Apelo à autoridade (celebridades vendendo produtos fora de sua área), falsa causa e generalizações são comuns em anúncios.
A fundamentação de sentenças deve evitar falácias. A identificação de argumentos inválidos é essencial para recursos e contestações.
Atividade de estudo
Encontre um editorial de jornal e identifique se há falácias. Marque os trechos e classifique: ad hominem, falso dilema, falsa causa, generalização apressada ou petição de princípio.
Resumo estratégico
Pontos mais cobrados sobre falácias
- Argumento válido: se as premissas forem verdadeiras, a conclusão é necessariamente verdadeira.
- Modus Ponens (válido): Se P → Q, P. Logo, Q.
- Modus Tollens (válido): Se P → Q, ~Q. Logo, ~P.

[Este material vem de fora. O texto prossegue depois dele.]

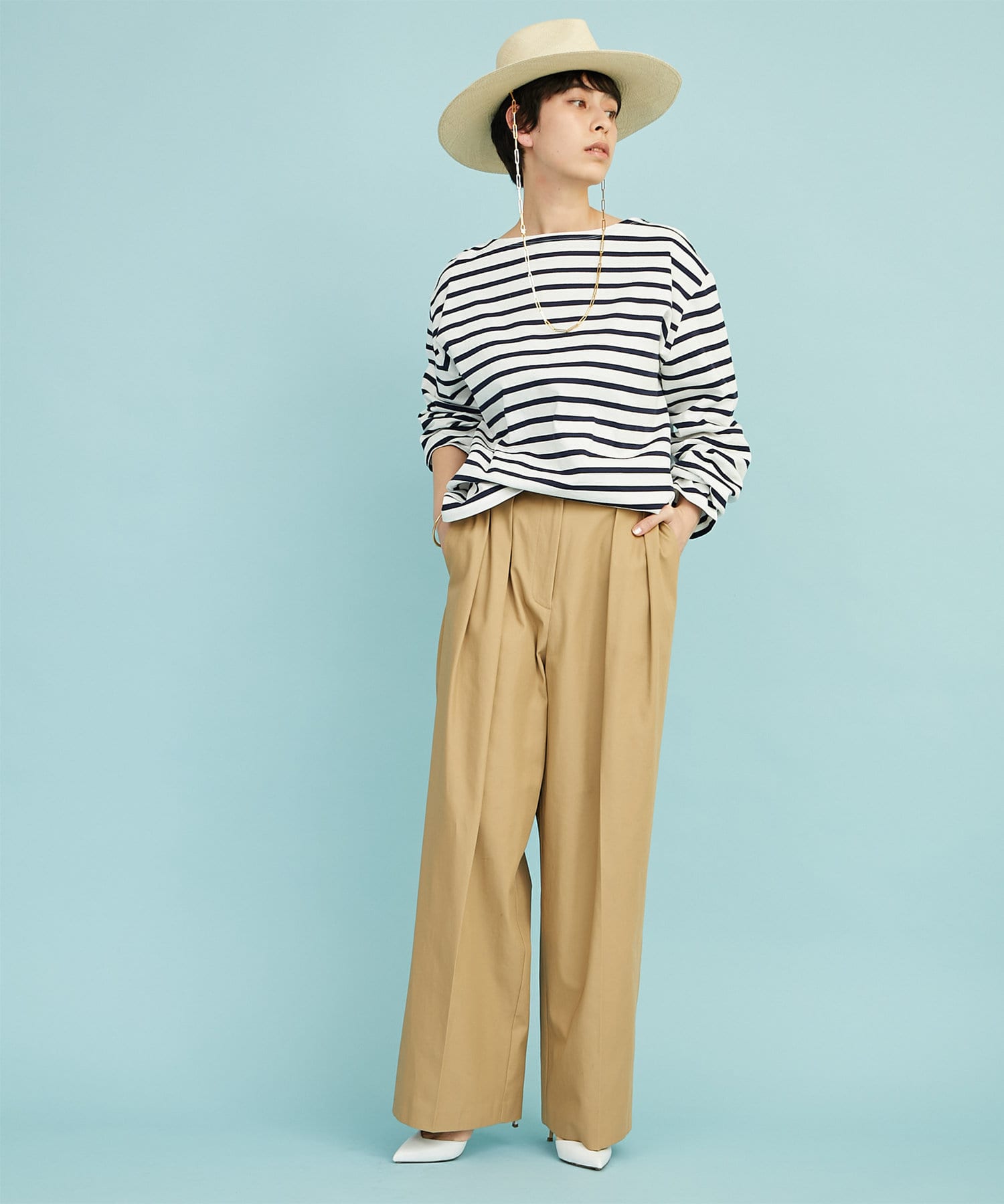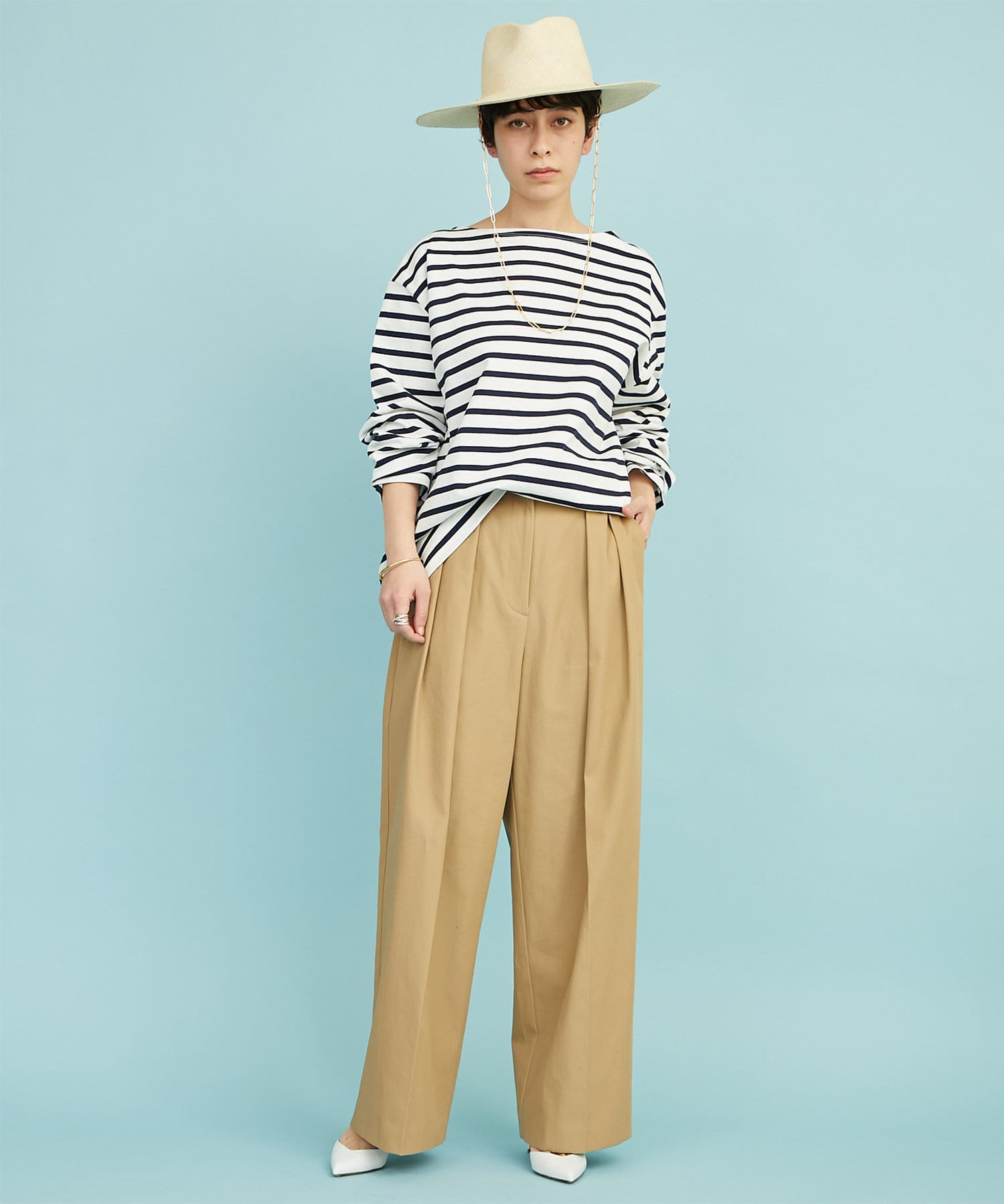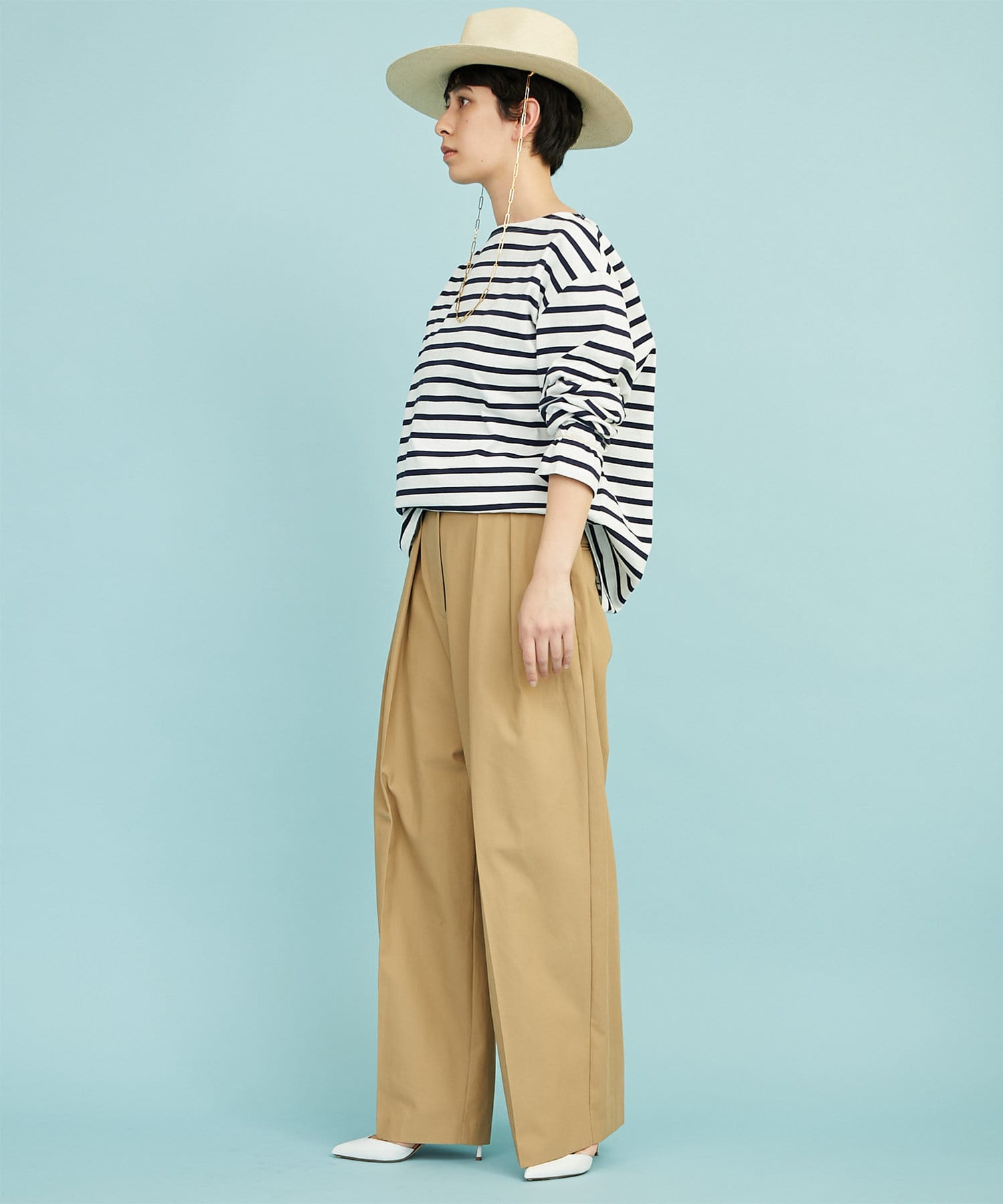 ■定番的なアイテムながら、ワイドスリーブで旬顔に仕上げたバスクシャツ。

- Negação do antecedente (inválido): Se P → Q, ~P. Logo, ~Q.
- Afirmação do consequente (inválido): Se P → Q, Q. Logo, P.
- Falácias informais: reconheça ad hominem, falso dilema, falsa causa, generalização apressada e petição de princípio.
- Teste do contraexemplo: imagine premissas verdadeiras e conclusão falsa. Se for possível, o argumento é inválido.
Mapa mental
Identificar o tipo de argumento (condicional, categórico, indutivo) → verificar a estrutura lógica → testar validade com Modus Ponens / Tollens → se não for um formato válido, testar contraexemplos → classificar a falácia (formal ou informal) → julgar o item.